Летом в моей южной, прожжённой солнцем станице дождей отродясь не было. А если и случался дождь – то было чудом. Я упомню из детства два или три. И всё.
Сначала налетал ветер.
Вдруг.
Невесть откуда.
И разом холодало.
Потом появлялась туча. Огромная. Беспросветная.
Если налетал «Низовка» или «Губошлёпый», туча появлялась с моря, со стороны Таганрога. Она шлёпала по морю тяжёлым чёрным брюхом, как мокрое бельё по стиральной доске, подминая вздыбившиеся барашками волны. Вода становилась коричневой и густой, как кисель, от взбитой придонной глины.
Если дул ветер «Трамонтана», туча плыла из степи, со стороны Ейска.
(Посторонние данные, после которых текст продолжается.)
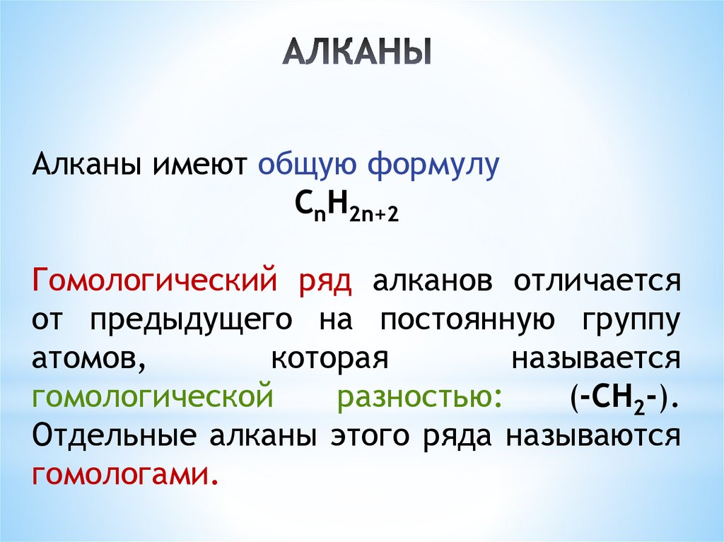 Гомологический ряд алканов отличается

Она гнала перед собой облака пыли и лениво, переползая лесозащитки абрикосов и акаций, приминала до земли толстым своим пузом тяжёлые шляпы подсолнечника, валила пшеницу и выламывала из стеблей початки кукурузы.
Мир уменьшался наполовину: за тучей не было ничего – одна сплошная чернота: взяли, провели черту и половину пейзажа закрасили чёрной краской.
Туча неотвратимо приближалась. Она уже не плыла, а медленно переступала, покачиваясь, как гиппопотам, на десятках ног-смерчей, готовилась к атаке. Эти ноги крутились волчком, становясь книзу тонкими, упирались копытцами в землю; и были огромными и толстыми – под брюхом тучи.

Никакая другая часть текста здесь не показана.